He stood near her, wordless.
"I’m sorry to put you out like this," she said, rising. They shook hands. Hers was cold and dry. He wanted to give it an extra squeeze but was careful to release at the exact moment that was socially and professionally appropriate.
"It goes with the territory," he answered, as if he were in the habit of running down here on Saturday looking as he felt he did, dizzy and starry-eyed.
They rode the elevator in silence, standing side by side.
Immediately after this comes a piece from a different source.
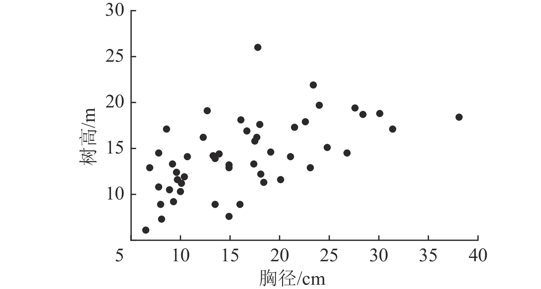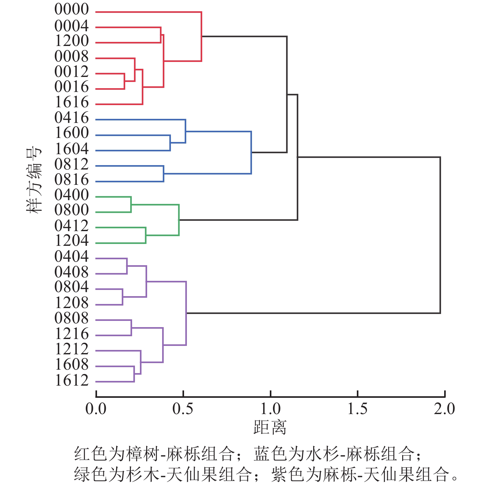 Ficus erecta等为该群落的主要优势树种。在科水平上,群落树种的世界分布占27.78%,热带成分占50.00%,温带成分占22.22%;在属水平上,热带成分占64.29%,温带成分占28.57%,中国特有占7.14%。样地树种径级结构呈倒“J”型分布,小径级和较小径级的植物数量占比达91.80%。群落Shannon-Wiener多样性指数、Pielou均匀度指数、Simpson多样性指数和Margalef丰富度指数分别为1.28、0.38、0.50、3.08。群落有樟树-麻栎、水杉

In his office she chose to sit on the middle cushion of the three-cushion couch, exactly as she had the first time he’d seen her. He picked up his notebook from where he’d left it on his desk and sat opposite her, clicking the switch on the tape recorder. Only rarely did he record a session but he kept a fresh tape in the machine anyway, just in case. He had always recorded Barbara’s sessions, he had been almost obsessive about it, so she expressed neither surprise nor interest at his action.
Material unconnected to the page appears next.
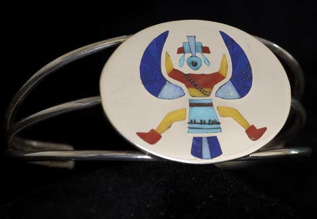 Regular price $375.00 USDSale price $375.00 USD Regular priceUnit price perSale Sold outInlayed Silver Knifewing Bracelet Turquoise, Coral, Lapis, Opal and Shell Inlay supported on 3 silver wires. It is 1 3/16" wide for a 6" wrist. It...

She watched him, big brown eyes unblinking
behind the then fashionable round glasses that perched on her thin, crooked
nose, "the broken ski-jump" she’d called it once. In front of Wolfe’s sofa
was a long, low coffee table. Two old rocking chairs that had belonged
to his father faced the sofa, angled in from near the ends of the table.
On the opposite wall stood a long, maple table that once was in his grandmother’s
dining room and now served as a desk. Between that table and the sofa stretched
a wall with two big windows looking out over West Street toward an undistinguished
array of office buildings and the constantly heavy traffic on US Route
50. The other wall was lined with books on built-in shelves.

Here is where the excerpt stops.